The effort that ultimately resulted in admissions from Hyundai and Kia that they overstated mileage estimates all began with a consumer watchdog group in Santa Monica.
Jamie Court, of Consumer WatchDog, says his group heard complaints from consumers and grew skeptical of claims Hyundai made that its Elantra model was getting 40 miles per gallon.
In January, they asked the government to look into the claims, and in July, the group filed suit against Hyundai.
A U.S. Environmental Protection Agency audit found the actual mileage on Elantra and other Hyundai and Kia models was 1 to 6 miles-per-gallon lower that estimates.
“The audit proves the sticker claims are inaccurate and that’s really important,” Court said.
On Friday, the South Korean automaker admitted the error, saying nearly 1 million cars sold between 2010 and 2012 do not achieve the mileage claims made in advertisements.
The automaker is offering to issue debit cards to customers to make up for the difference in the estimated and actual gas mileage.
Some 900,000 owners are expected to be eligible for the rebates. To see if your car qualifies for the offer, enter your VIN number here.
To determine how much each driver will receive, the company’s formula will include amount of miles driven and price of gas where the customer lives. The average rebate will hover around $88.
If all 900,000 owners get $88, it would cost the automakers more than $79 million a year, according to the Associated Press.
But Court said that’s still not enough.
“Eighty-eight dollars is chump change,” he said. “Consumers are owed more in California.”

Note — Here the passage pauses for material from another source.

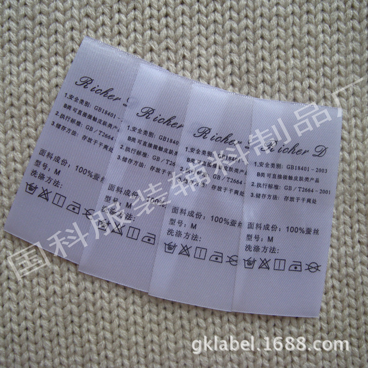公司引进了英国柔印设备,主要印制高档洗水布标,经公证行测试,不含偶氮,铅等其他化合物,绝对环保.可通过超强50次洗涤测试,不脱色.可印制极细字体,清晰,不断线.可以各种材质如涤纶,尼龙,纯棉带,织带,橡根带等上面印刷,效果完美, 布标印唛色牢度好与差,直接涉及人体的健康安全,色牢度差的产品在穿着过程中,碰到雨水、汗水就会造成印唛布标上的颜料脱落褪色,则其中油墨的分子和重金属离子等都有可能通过皮肤被人体吸收而危害人体皮肤的健康,再有如果你的服装是品牌产品或是你想打响你的品牌你一定要在你服装的印唛布标上面下工夫,因为如果你是一个消费者你会第一时间买衣服要看它的牌子和成份高档的印唛布标是你品牌的最好体现一个印唛布标在一件服装产品上的成本是很小的但它在这个产品上可起到了一个很大的作用,本厂(国科商标制造有限公司)专业从事中高档布标制作。可生产多达10个颜色的布标及四色网点标。本厂布标耐水洗不掉色我们的产品洗水不到4级我们是认为不合格的产品,耐高温,经过反复洗涤后不褪色。我厂采用日本高级油墨,无毒,可达国际环保标准,经过石磨洗水后完好无损,可做到耐摩擦,耐石磨、耐酒精摩擦等系列测试,可达到欧美标准!国科引进先进的生产设备,吸纳高端技术人才,发挥优越的地理优势,奉献完善的服务体系、制定长期的发展战略,努力打造高品质、高速度服装辅料领军企业,欢迎前来洽谈订购!

The Consumer WatchDog group says it is not clear whether agreeing to accept the rebate would exclude customers from any additional claims or rebates from Hyundai, so Court cautions customers to read the fine print on any documents they may be asked to sign before receiving a debit card.
Spokespersons for Hyundai and Kia say they will immediately begin reissuing Fuel Economy Estimate window stickers, adding that the company will take out full page ads in Sunday newspapers apologizing to consumers for the error.